* _Task details_
Within the listing below, the lines to output run from the one containing "メインストーリーは最初は「機" through the one containing "Dětská hrací sada"; copy them exactly and nothing else.

* _Data for the task_
========

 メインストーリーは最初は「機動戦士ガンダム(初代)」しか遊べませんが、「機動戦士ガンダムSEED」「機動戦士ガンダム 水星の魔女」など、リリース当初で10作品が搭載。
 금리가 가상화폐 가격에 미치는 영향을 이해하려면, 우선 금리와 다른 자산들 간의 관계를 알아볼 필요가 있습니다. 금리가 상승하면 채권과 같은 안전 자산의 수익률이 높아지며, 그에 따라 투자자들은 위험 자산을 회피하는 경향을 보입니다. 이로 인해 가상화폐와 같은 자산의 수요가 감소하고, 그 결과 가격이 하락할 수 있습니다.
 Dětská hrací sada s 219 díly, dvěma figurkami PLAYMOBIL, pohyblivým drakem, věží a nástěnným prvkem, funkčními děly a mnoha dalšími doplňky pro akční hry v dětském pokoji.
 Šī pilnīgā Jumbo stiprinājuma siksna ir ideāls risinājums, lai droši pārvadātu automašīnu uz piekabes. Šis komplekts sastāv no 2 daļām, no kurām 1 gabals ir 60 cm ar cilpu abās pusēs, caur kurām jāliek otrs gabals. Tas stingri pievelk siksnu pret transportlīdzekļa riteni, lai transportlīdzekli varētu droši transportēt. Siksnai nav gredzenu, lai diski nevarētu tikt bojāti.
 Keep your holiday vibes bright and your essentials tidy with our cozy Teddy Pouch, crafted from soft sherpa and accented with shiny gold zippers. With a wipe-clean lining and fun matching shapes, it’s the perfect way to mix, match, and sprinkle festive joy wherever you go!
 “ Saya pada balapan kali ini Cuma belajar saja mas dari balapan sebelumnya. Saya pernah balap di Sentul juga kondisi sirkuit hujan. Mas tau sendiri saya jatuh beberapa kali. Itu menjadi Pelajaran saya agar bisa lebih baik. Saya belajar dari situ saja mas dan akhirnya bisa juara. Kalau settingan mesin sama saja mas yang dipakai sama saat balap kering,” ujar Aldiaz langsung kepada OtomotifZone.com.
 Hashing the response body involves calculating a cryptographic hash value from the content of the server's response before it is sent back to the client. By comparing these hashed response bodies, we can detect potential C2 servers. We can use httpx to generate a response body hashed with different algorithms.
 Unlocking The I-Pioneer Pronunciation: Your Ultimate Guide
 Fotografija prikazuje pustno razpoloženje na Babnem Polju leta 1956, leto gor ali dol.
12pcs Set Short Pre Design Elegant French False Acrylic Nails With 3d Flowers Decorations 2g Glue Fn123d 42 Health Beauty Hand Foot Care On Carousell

========

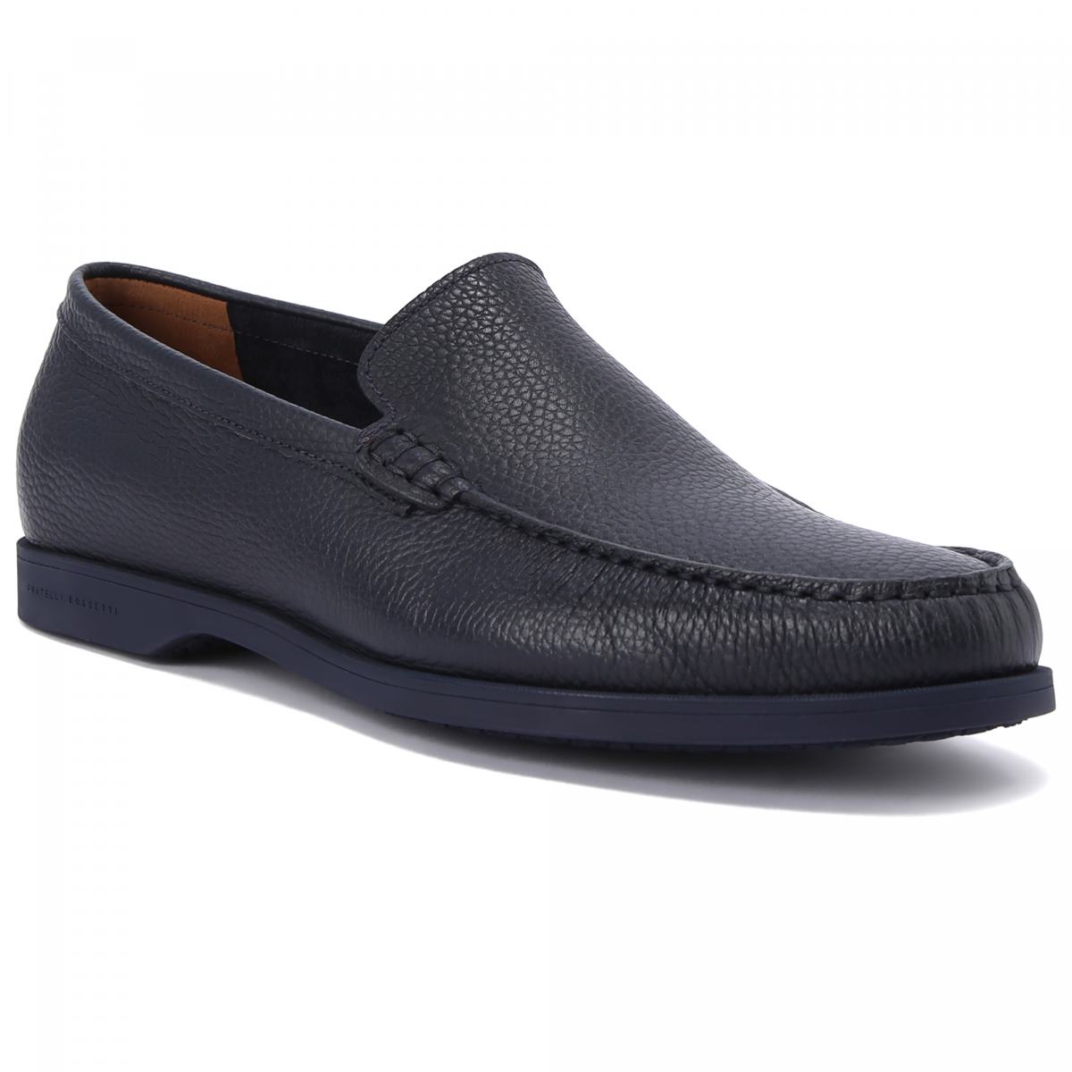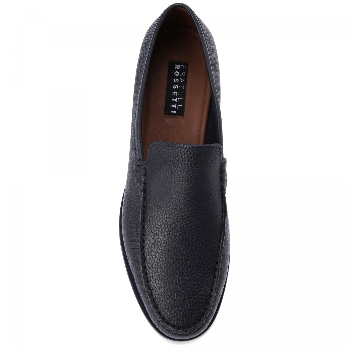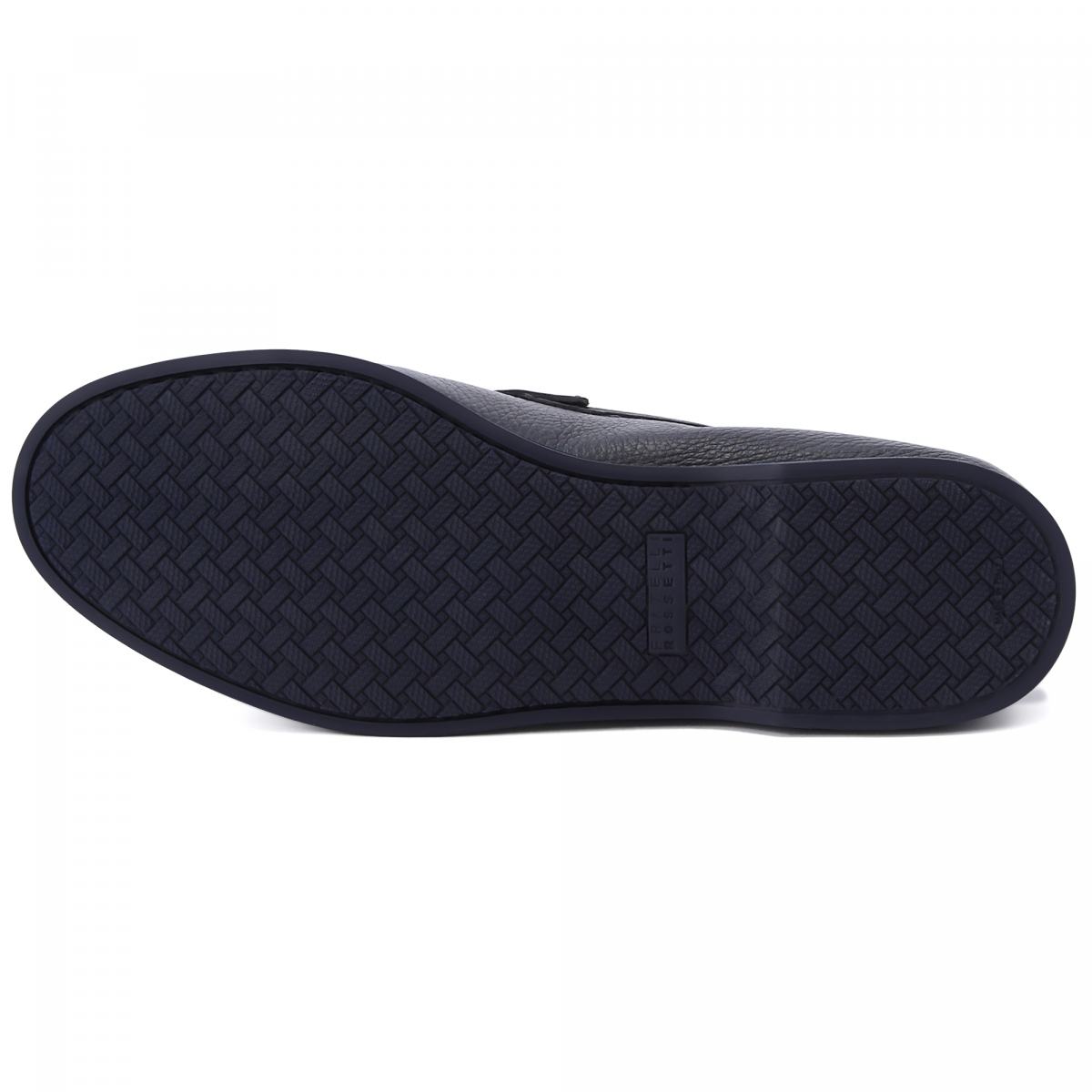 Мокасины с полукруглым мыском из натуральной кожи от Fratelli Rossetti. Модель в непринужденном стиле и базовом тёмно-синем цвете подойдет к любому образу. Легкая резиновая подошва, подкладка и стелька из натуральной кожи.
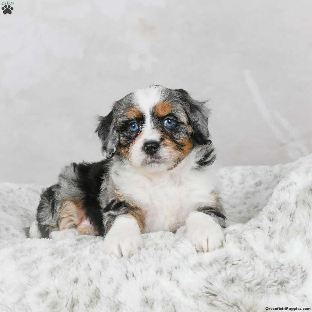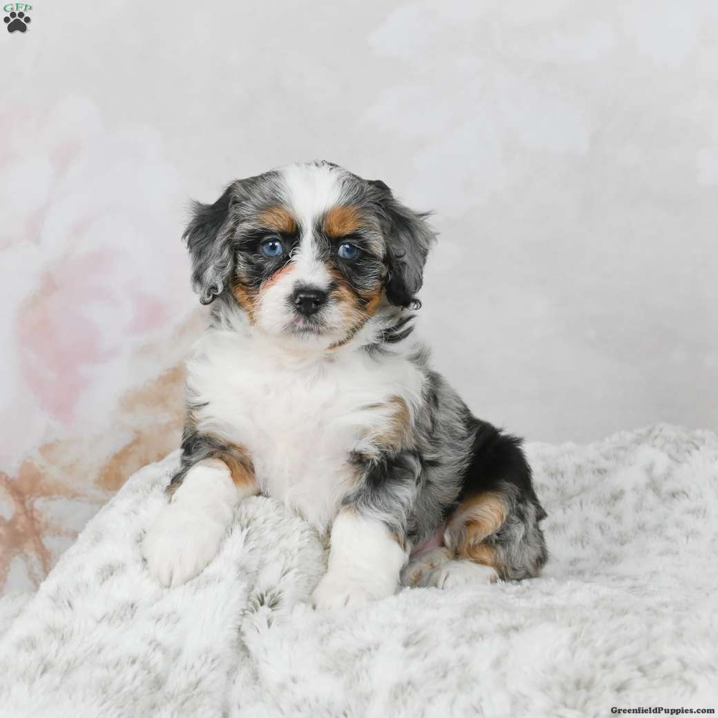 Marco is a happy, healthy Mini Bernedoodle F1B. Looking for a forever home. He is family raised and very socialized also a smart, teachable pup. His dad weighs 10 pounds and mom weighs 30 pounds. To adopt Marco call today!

========

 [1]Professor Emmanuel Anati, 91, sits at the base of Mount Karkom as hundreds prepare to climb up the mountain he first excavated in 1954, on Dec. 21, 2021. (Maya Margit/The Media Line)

========

* _Expected answer_
 メインストーリーは最初は「機動戦士ガンダム(初代)」しか遊べませんが、「機動戦士ガンダムSEED」「機動戦士ガンダム 水星の魔女」など、リリース当初で10作品が搭載。
 금리가 가상화폐 가격에 미치는 영향을 이해하려면, 우선 금리와 다른 자산들 간의 관계를 알아볼 필요가 있습니다. 금리가 상승하면 채권과 같은 안전 자산의 수익률이 높아지며, 그에 따라 투자자들은 위험 자산을 회피하는 경향을 보입니다. 이로 인해 가상화폐와 같은 자산의 수요가 감소하고, 그 결과 가격이 하락할 수 있습니다.
 Dětská hrací sada s 219 díly, dvěma figurkami PLAYMOBIL, pohyblivým drakem, věží a nástěnným prvkem, funkčními děly a mnoha dalšími doplňky pro akční hry v dětském pokoji.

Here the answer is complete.